У него давно уже болела голова, и тут заломило в висках так, что он невольно поморщился. Анна Григорьевна заметила это, участливо сказала:
– Устали вы, Саша. Может быть, ляжете?
– Да нет, посижу еще... Это не усталость, просто – нехорошо мне. На душе... очень уж тяжело. Много скверного в своем прошлом вижу. И что-то никак до конца понять не могу, почему я такой. А ведь сам во всем виноват... Знаете, я никогда не верил в то, что человек – игрушка в руках судьбы и что все зависит от каких-то обстоятельств, в которые он попадает... Ссылка на обстоятельства – удобный предлог для оправдания всяческих больших и маленьких мерзостей. Пьянствует человек – обстоятельства такие, жену и детей бьет – тоже обстоятельства виноваты, подлость какую-то сделал – и тут оправдания находятся... Чепуха все это. Каждый в конце концов сам творит свою судьбу. Вот и я тоже – сам себе пустыню сотворил... Да только когда это началось? Вот сейчас вспоминаю – я очень рано усвоил, что добиться чего-то можно, только работая изо всех сил, отдавая всего себя какому-то делу. Любимым моим героем в детстве был Мартин Идеи – именно за его фантастическую работоспособность, за его упорство. И печальный его конец совсем не смущал меня – уж со мной-то такого не случится! И работать я действительно научился... Я даже очень хорошо умею работать! – со злостью сказал Александр. – Так хорошо, что, пожалуй, немногие еще так умеют... И все с детских лет еще говорили мне, как это хорошо – уметь работать. И учили, как надо работать... И почему-то никто не догадался хотя бы намекнуть, что учиться нужно и тому, как надо любить, как быть добрым, человечным, как понимать людей, думать о них, заботиться...
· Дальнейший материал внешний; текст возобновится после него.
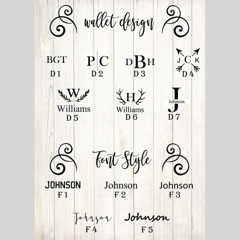 3. front and inside: See the last picture of the listing for optional designs and fonts, and let me know what would you like to engrave on the outside front and inside of the wallet. (Please read the instruction of how to engrave on outside front only and inside right only).

Он покачнулся на стуле и тяжело оперся руками о стол.
– А впрочем, что это я говорю... Как раз о любви-то пишут и говорят куда больше, чем о том, как надо работать. Ну да книги – это только книги... Вот пытаюсь сообразить – уж не потому ли я так вел тогда себя с Лилей, что это стремление к работе, к успеху подспудно вело меня во всем, направляло всем? Если так, то... страшновато.
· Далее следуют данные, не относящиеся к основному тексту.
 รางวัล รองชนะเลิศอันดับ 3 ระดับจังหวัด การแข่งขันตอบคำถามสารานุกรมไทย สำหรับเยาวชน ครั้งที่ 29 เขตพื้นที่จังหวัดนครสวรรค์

Александр помолчал – и с усилием продолжал:
– Вот думаю сейчас: кончится мой отпуск, уеду я от вас – а что дальше будет? К Лиле-то, кажется, действительно нельзя ехать. Чувствую, что нельзя, и права она во всем. Может, и в самом деле я не ее люблю, а нашу прошлую любовь, может, даже только тоску по любви... Как скверно я говорю... И знаете, хоть и сказал я вам, что уже решил не возвращаться к жене и сыну, а... чувствую, что не возвращаться как будто и нельзя. То есть сейчас нельзя, потом, может, и уйду я от них, а сейчас непременно надо ехать... Хотя просто не представляю, как я жене в глаза смотреть буду, что скажу ей... Вот вы сказали – я совсем не так плохо отношусь к ней, как из моих слов получается. И знаете, как-то Поразило меня само слово «относиться», помните, я даже переспросил вас... Потому и поразило, что очень точно прозвучало. Только дело ведь в том, что к жене я не «относиться» должен, а любить ее, понимаете? Как-то относиться я, например, к вам могу, к товарищам по работе, к случайным попутчикам, а к жене это слово никак не должно подходить. А я все эти восемь лет именно относился к ней. – Александр вымученно улыбнулся. – Может быть, даже и неплохо относился, а любви не было... А может быть, я и вообще никого любить не могу? – высказал он уже и раньше промелькнувшую догадку. – Ведь и такое, вероятно, возможно... Как вы думаете, Анна Григорьевна, бывает так?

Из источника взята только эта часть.